Une nouvelle méthode permet d’utiliser les déchets de laine de roche et de béton comme nouveaux matériaux de construction dans le cadre d’un processus qui élimine également le CO2 d’un flux gazeux ponctuel. Il en résulte un béton dont l’empreinte carbone est réduite, ce qui permet de résoudre deux problèmes en même temps.
Des réacteurs de différentes tailles répartis dans cinq laboratoires du campus DTU de Lyngby pourraient bien détenir le secret permettant d’éviter l’envoi à la décharge de matériaux de construction non recyclables, en les transformant en nouveaux matériaux de construction. Cette méthode est le fruit de l’imagination de Susan Stipp, professeur au DTU.
En bref, elle utilise de la laine de roche* usagée et du béton usagé concassé dans de l’eau, dans des conteneurs, où l’on ajoute du CO2 et un mélange breveté de molécules naturelles spécialement développées.
Les déchets de matériaux de construction, qui sont alcalins, sont transformés en un produit à grains fins contenant du carbonate de calcium et d’autres minéraux.
Ce produit s’accumule sous forme de sédiments dans les conteneurs, à l’instar du tartre qui s’accumule au fond d’une bouilloire lorsque l’on fait bouillir de l’eau. Ce matériau solide possède des propriétés qui le rendent approprié comme ingrédient du béton. Il peut remplacer partiellement le ciment, dont l’empreinte carbone est importante.
« Le béton fabriqué à partir de ce produit ne sera probablement pas assez solide pour construire de grands bâtiments, mais il pourrait être utilisé pour fabriquer des pavés dont l’empreinte carbone serait plus faible », indique Susan Stipp.
Se concentrer sur la montée en gamme
Grâce à une bourse Grand Solutions du Fonds danois pour l’innovation, Susan Stipp et ses collègues ont travaillé sur cette idée pendant des mois dans le cadre du projet CO2Fix et ont démontré la « preuve du concept ». Lors d’essais menés dans de petits conteneurs (appelés réacteurs), ils ont montré que le CO2** est immobilisé en tant que composant du nouveau matériau.
Le travail en laboratoire se concentre désormais sur l’ajustement du processus et des additifs afin que la production puisse être augmentée avec les mêmes bons résultats. Les chercheurs sont passés de minuscules réacteurs de 50 ml à des réacteurs de 1 et 20 litres, puis à un réacteur de 4 mètres de haut pouvant contenir 300 litres.
« C’est comme pour un gâteau. On peut doubler la recette et obtenir un bon gâteau, mais on ne peut pas la multiplier par 10 ou 100 et être sûr qu’elle fonctionne.

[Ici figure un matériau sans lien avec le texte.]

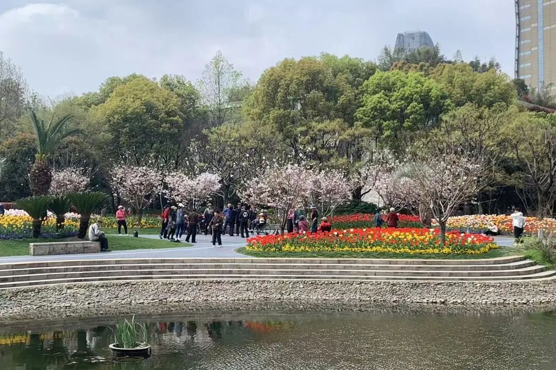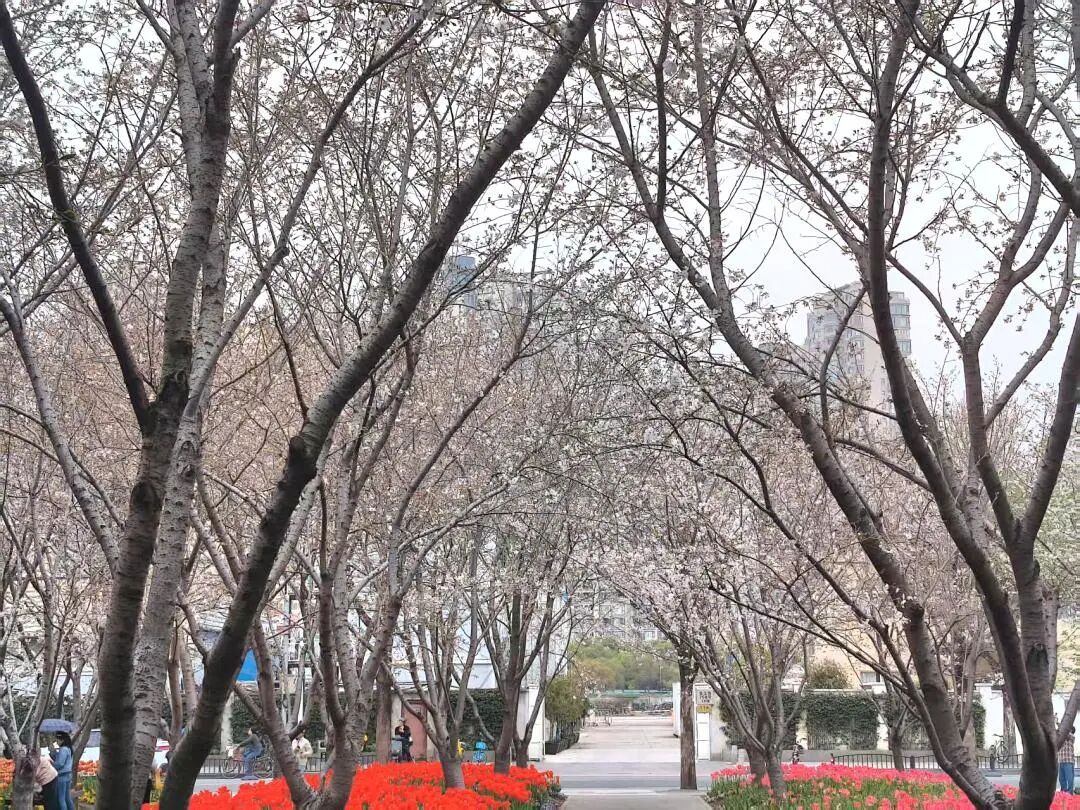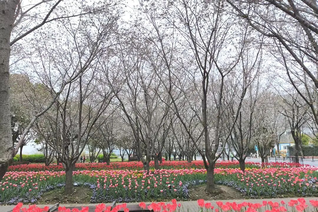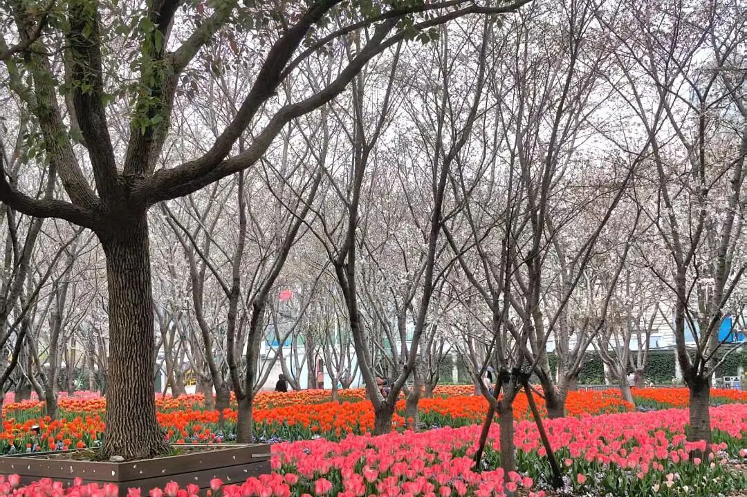 如果你想一次性看够两种春天,一定要来琴键春园。这里不仅有盛放的樱花,还有4000平方米的郁金香花海按色彩整齐排布,红的似火、粉的赛桃,像大自然按下的春日琴键。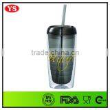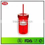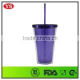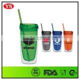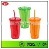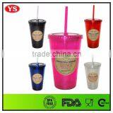 16 Ounce Customized Double Wall Plastic Colored Glass Tumblers With Straw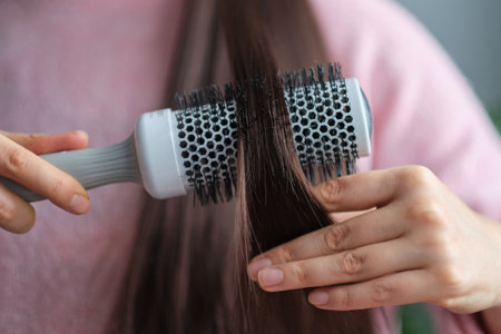 Woman trying to brush dry tangled hair ends. Healthy haircare and hairstyling concept.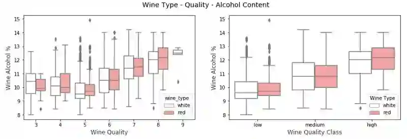我们可以看到,对于质量和 quality_label 属性,葡萄酒酒精含量都会随着质量的提高而增加。另外红葡萄酒与相同品质类别的白葡萄酒相比具有更高的酒精含量(中位数)。然而,如果检查质量等级,我们可以看到,对于较低等级的葡萄酒(3 和 4),白葡萄酒酒精含量(中位数)大于红葡萄酒样品。否则,红葡萄酒与白葡萄酒相比似乎酒精含量(中位数)略高。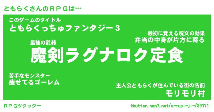 | 伝説のあだ名 | 『伝説の竜騎士ともらく』 |

Vous devrez peut-être ajuster les ingrédients ou la façon dont vous mélangez les choses, ou encore le faire cuire à une température différente », explique le professeur.
Une fois que les chercheurs auront maîtrisé le processus dans le grand réacteur du laboratoire, ils ont l’intention de construire une installation pilote au sein de l’entreprise de valorisation énergétique des déchets ARGO à Roskilde, qui est l’un des partenaires du projet. Le CO2 capturé dans les gaz de combustion de l’incinération des déchets sera introduit dans le réacteur CO2Fix, où il sera « minéralisé », c’est-à-dire converti en matériaux utilisables dans la fabrication de nouveaux bétons.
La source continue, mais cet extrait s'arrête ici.